Prostacyclin counteracts the increase in capillary permeability induced by tumour necrosis factor-α
- Cite this article as:
- Jahr, J. & Grände, P.O. Intensive Care Med (1996) 22: 1453. doi:10.1007/BF01709568
To analyse how prostacyclin interferes with the short-term local circulatory effects of tumour necrosis factor-α (TNFα) in a skeletal muscle.
An autoperfused sympathectomised cat gastrocnemius muscle enclosed in a plethysmograph.
Arterial blood flow, total and segmental vascular resistances (large-bore arterial vessels, arterioles and veins), hydrostatic capillary pressure, tissue volume and capillary filtration coefficient were followed during local intraarterial infusion of TNFα at various rates (2.5, 5.0 and 7.5 μg/kg per min) and during intra-arterial infusion of prostacyclin simultaneously with the highest dose of TNFα. The capillary filtration coefficient reflects the capillary surface for fluid exchange.

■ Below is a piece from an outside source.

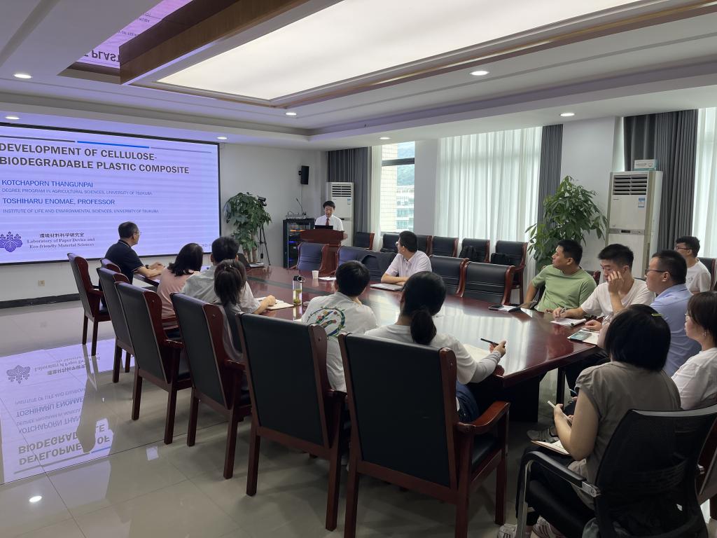 洽谈国际交流合作并作题为“Development of Cellulose-Biodegradable Plastic Composite”的学术报告。会议由学院副院长胡志军主持,学院院长刘赫扬、轻化工程系教师、研究生、本科生等30余人参加了会议。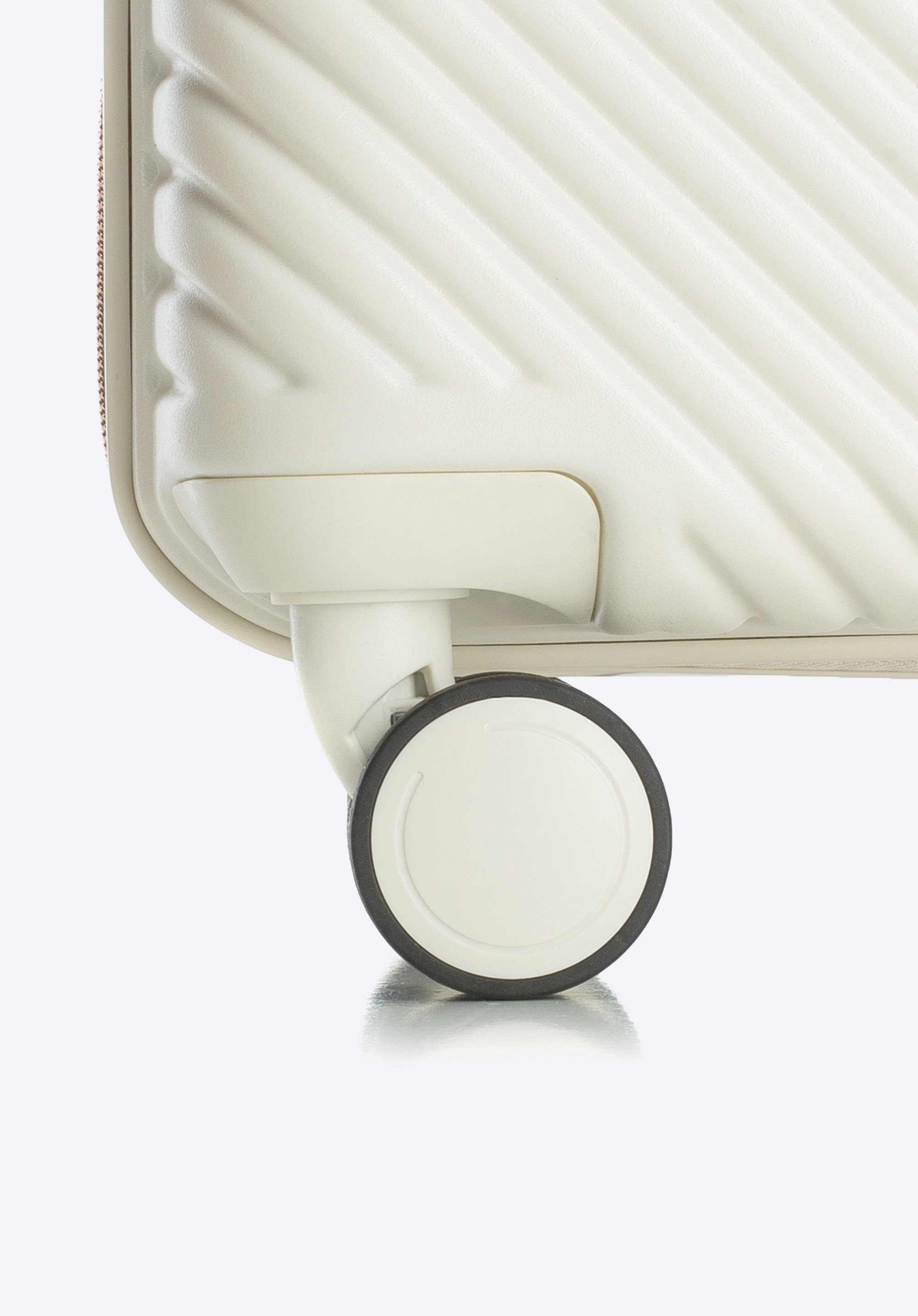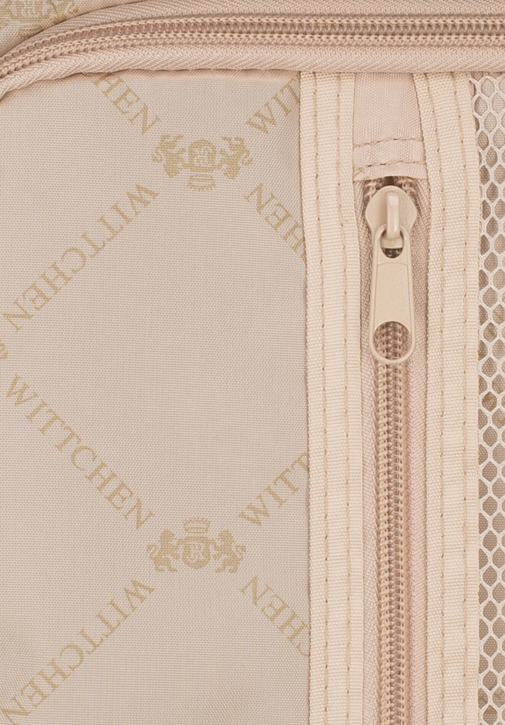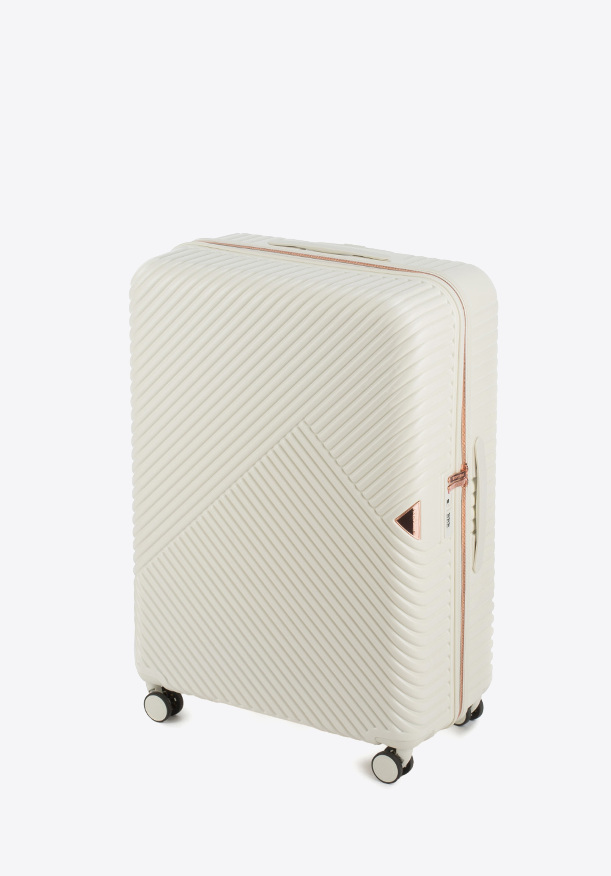 Walizka o dużej wielkości stworzona z polikarbonu z matowym wykończeniem. To designerski projekt z lśniącymi okuciami w kolorze różowego złota. Kółka wykonane z tworzywa sztucznego ABS z elastyczną powłoką. Wnętrze walizki pokrywa beżowa podszewka z logo WITTCHEN.

Arterial infusion of TNFα had no influence on vascular resistance up to 5.0 μg/kg per min but induced vasodilation at 7.5 μg/kg per min. No effects on the recorded hydrostatic capillary pressure were observed. The capillary filtration coefficient and the capillary filtration increased with the infusion rate of TNFα the former by 55%. Simultaneous arterial infusion of prostacyclin (350 ng/kg per min) caused further vasodilation and an increase in hydrostatic capillary pressure and completely restored the capillary filtration coefficient to control. The TNFα-induced filtration was partly restored.

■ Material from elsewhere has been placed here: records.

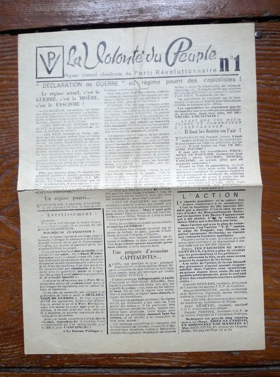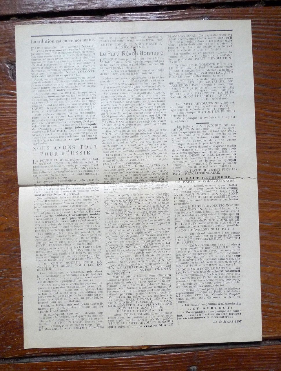 LA VOLONTÈ DU PEUPLE n.1Organe central clandestin du PARTI RÉVOLUTIONNAIRE,Paris, le 15 mars 1957,30x22 cm., pp.2testo in francese,peso: g.300cod.10054CONDIZIONI DEL PERIODICO: discrete,piega centrale,strappetto senza mancanze in corrispondenza della piega,pagine ingiallite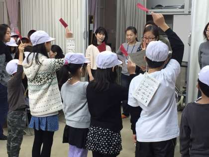 赤あげて!白あげないで、赤下げない!ひっかかる子が続出でした。うちわ運びは、慎重な子、スイスイといく子と、それぞれの個性が出ていました。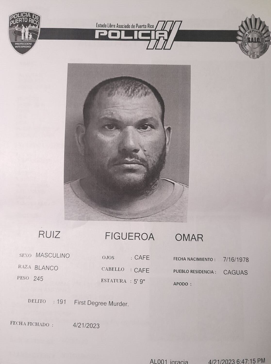 Según el reporte de la Policía, Omar Osvaldo Ruiz Figueroa, de 44 años y vecino de Caguas supuestamente disparó y le causó la muerte a Eggy Galarza Estrada, de 51 años, en la carretera PR-175, sector Las Carmelitas del barrio San Antonio, en ese municipio.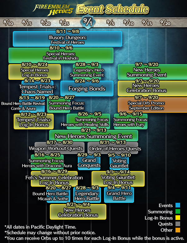 Quite a bit of Fire Emblem Heroes news today – first up, Intelligent Systems put out a new event calendar detailing all the events that will be happening in the game up until mid-September. You can see the calendar in the image above.
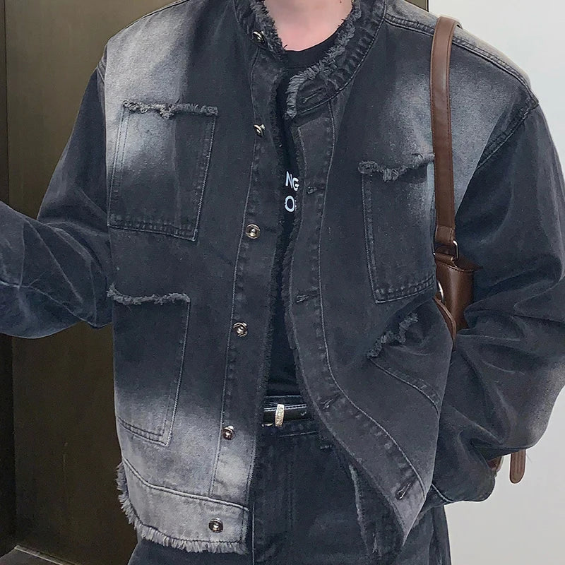 saferido Men's Casual Washed Denim Jacket Streetwear Ripped Stand Collar Texture Korean Harajuku Retro Long Sleeve Luxury Coat 2024 New

The local circulatory effect of TNFα is small apart from a graded increase in the capillary filtration coefficient, most likely reflecting an increase in capillary permeability. The prostacyclininduced decrease in capillary filtration coefficient most likely reflects a restoration of capillary permeability. The TNFα-induced transcapillary filtration is not fully reduced by prostacyclin due to a simultaneous increase in hydrostatic capillary pressure.